The wild surmise

Project Gutenberg has had a spate of old histories of the New World, which I can't get enough of.  Every time I read a reference to Darien I hear this Keats sonnet in my head:
On First Looking into Chapman's Homer
BY JOHN KEATS
Much have I travell'd in the realms of gold,
And many goodly states and kingdoms seen;
Round many western islands have I been
Which bards in fealty to Apollo hold.
Oft of one wide expanse had I been told
That deep-brow'd Homer ruled as his demesne;
Yet did I never breathe its pure serene
Till I heard Chapman speak out loud and bold:
Then felt I like some watcher of the skies
When a new planet swims into his ken;
Or like stout Cortez when with eagle eyes
He star'd at the Pacific—and all his men
Look'd at each other with a wild surmise—
Silent, upon a peak in Darien.
The poem refers to an exciting translation of Homer by George Chapman.  The last few lines stick in a lot of heads, it seems; the literary world is stuffed with references to them.  G.K. Chesterton worked them into a drinking song, The Logical Vegetarian:
I am silent in the club,
I am silent in the pub.,
I am silent on a bally peak in Darien;
For I stuff away for life
Shoving peas in with a knife,
Because I am a rigid Vegetarian.

No more the milk of cows
Shall pollute my private house
Than the milk of the wild mares of the Barbarian
I will stick to port and sherry,
For they are so very, very,
So very, very, very, Vegetarian.
Clovis Sangrail freezes out a fellow trying to cadge a favor in Saki's "The Talking-Out of Tarrington":
The next moment the overtures of an affably disposed gentleman were being received by Clovis with a "silent-upon-a-peak-in-Darien" stare which denoted an absence of all previous acquaintance with the object scrutinized.
Vladimir Nabakov famously incorporated a baseball-themed pun on the sonnet's title into Pale Fire:  "Red Sox Beat Yanks 5–4 On Chapman's Homer."

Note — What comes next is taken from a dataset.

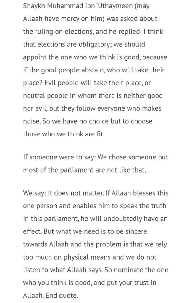 Again, it’s OK if you hate voting in non-Muslim countries. But don’t call those who support the opinion of voting as ‘deviant’ or ‘people supporting Shirk’. If you still want to call the scholars of India who support voting as non-Salafi, then use the same logic to blame Shaykhs Al-Luhaydan, Ibn Uthaymeen, Abdul Muhsin Al-Abbad, Al-Albani etc. Voting in Non-Muslim lands is a matter disputed amongst the Ulama and the scholars of Non-Muslim lands will chose what they deem fit in The light of The Quran and The Sunnah.
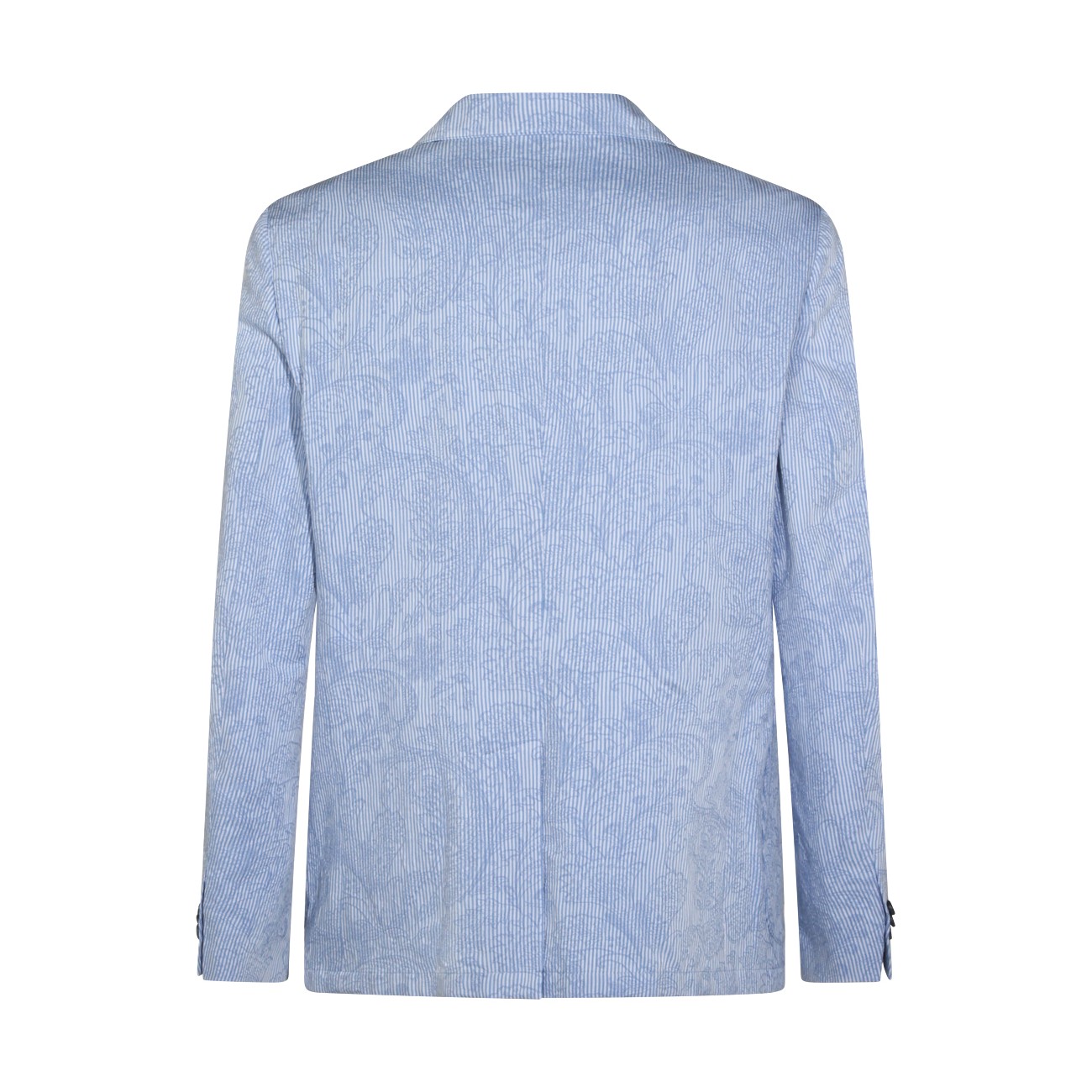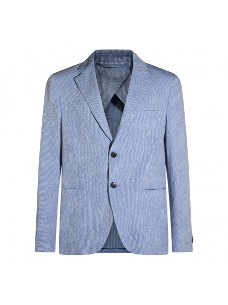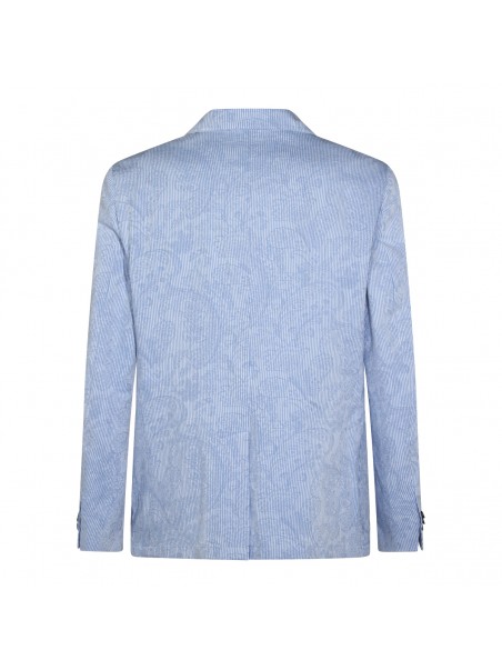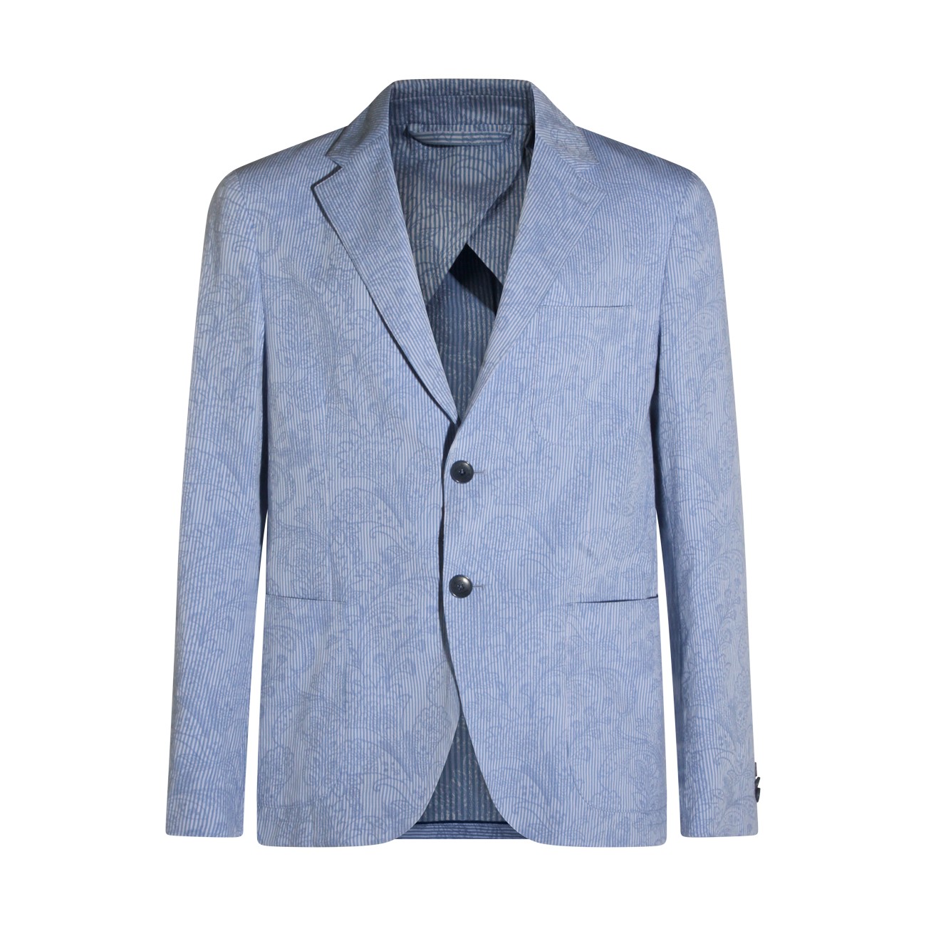 Light blue cotton blazer from Etro featuring long sleeves, frontal buttons fastening, pockets and regular vestibility.

Ted Davis explained that baseball has been around forever, since God made the whole world in the big inning, then Eve stole first, and Adam second, after which they were both thrown out.  He then wrote "On First, Looking into Chapman's Homer":
Or like stout Mantle, when with eagle eyes
He star’d out at the distant fence — and then
Watch’d his ball just rise and rise and rise —
Silent, above a park in Washington.
A Punch sketch from 1922 recounts a student's attempt to recite the poem.  He gives "coffee-colored" for "deep-brow'd Homer," and ends with "Or like fat Cortez, when with staring eyes/He swims in the Pacific. . . " to the disgust of his professor, who predicts his enormous success as a Philistine in public life.

4 comments:

Grim said...

Homer has produced quite a few decent English translations. My favorite is the Fitzgerald, but the Pope translation also produced new poems in its honor.

douglas said...

Wonderful!

Not having heard of the "peak in Darien", I set out via google to learn.
Came across this wonderful telling of the story of Balboa and Darien, and in this book and another, 79 more stories. If they are this well written, I may read them all.

Thanks, Tex!

Texan99 said...

Yes, Keats mixed up Cortez and Balboa, but Balboa wouldn't scanned. The stories of this period really are ripsnorters and worth reading.

Lars Walker said...

Chesterton and Saki! I wildly surmise this will be a good day.